RDPでは助手による膵の尾側牽引が難しい.脾動脈根部へのアプローチが難しい場合,頭高位をあげて重力で膵を転がす.それでも難しい場合,膵下縁からアプローチを試みる.
7.膵下縁剥離
膵下縁を剥離し,門脈を露出して膵の離断予定部でテーピングする.膵を離断すると,膵体尾部・脾臓が左側・背側に落ち込んで剥離操作が難しくなるので,3,4の操作と合わせて,膵離断前に左側の剥離を完了しておく.
8.膵離断
ポリグリコール酸(PGA)シートを装着したステープラーを用い,10分かけて膵を離断する.
9.脾静脈処理
脾静脈を切離したのち,残りの膵体部を剥離して標本をバッグに回収する.膵液ろう予防のため,ロールアウト前に膵断端にさらにPGAシートを貼付し,人工のりを塗布している.
10.ロールアウト
ロールアウト後,臍の創を延長して標本を摘出する.同部は閉創し,再気腹後に膵断端から左横隔膜下に向け,ドレーンを挿入する.挿入孔は,ポート挿入部にこだわらず,良い位置に留置できるよう,新しい孔を開けることを厭わない.
・Spleen-preserving DPのコツ
脾動静脈を温存する木村法で行っている.上記4,5は行わないが,脾臓を温存する際にも上記3で脾下極・膵尾部を十分授動しておくと,脾門で膵を脈管から剥離する操作が容易になる.

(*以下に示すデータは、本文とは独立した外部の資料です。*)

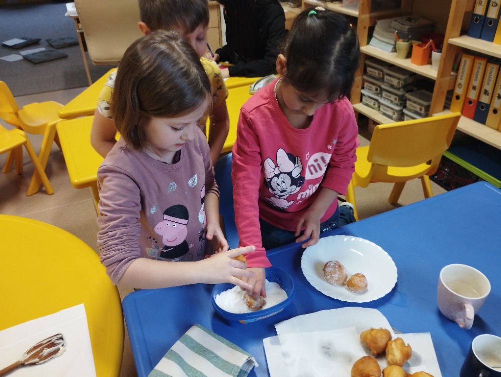 Projektové vyučování v přípravné třídě se těchto čtrnáct dní skládalo z různých činností a aktivit k Masopustu. Naše téma bylo - MASOPUST DRŽÍME A NEPUSTÍME. Zkoumali jsme masky, které dříve chodily v masopustním průvodu, povídali jsme si o zvycích a tradicích. I my sami jsme si zvolili jednodenní půst, dali jsme si výzvu, že budeme jeden den bez mobilu. Hodně jsme si hráli s barvičkami, díky počasí jsme si udělali ledové ozdoby. Vyrobili jsme si kastaněty, abychom zvládli udělat velký "rambajs" na našem karnevale ve třídě a zpívali jsme různé písničky. Řádně jsme si zatančili na moderní písničky. Usmažili jsme si tradiční koblížky, na kterých jsme si společně moc pochutnali.

膵をテーピングした綿テープにエンドループをかけ,糸を体外に誘導する.合わせて4番アームで膵尾部を展開することで,脾静脈の剥離が容易になる(図5).脾静脈剥離中の出血に備え,脾動脈をクランプできるようにあらかじめテーピングしておく.
・RAMPSのコツ
上記3の操作の際,脾下極でGerota筋膜の背側に入り,腎を露出する.この深度で頭側,右側へと可及的に剥離しておくことで,膵体部から尾部に剥離を進める際のゴールが設定できる.
門脈直上で膵をテーピングし,spleen-preservingの際と同様に体外に牽引する.この操作によって,SMA腹側が展開され,SMA腹側から左側への剥離,左腎静脈の露出が行いやすくなる(図6).
ロボット手術では,腹腔鏡手術と異なり助手のサポートが難しい.Console surgeon単独の操作で,質の高い手術が行えるよう,体位や体外誘導などを工夫して行っている.
IV.おわりに
RDPに関するエビデンスをまとめ,当科で行っているRDP手順を解説した.LDPよりも精緻な操作が可能であり,進行膵癌に対しても根治性を損なわない手術が行えると実感している.
今後の課題は,RDPを行った膵癌症例の長期成績の検証である.「低侵襲DPのメリットは,術後早期のみで,2年経つと患者QOLは開腹手術と変わらない」というランダム化比較試験の付随報告もされた8).「病気を治す」という手術の本質に,ロボット技術がどのように貢献できるのか,今後さらに検証する必要がある.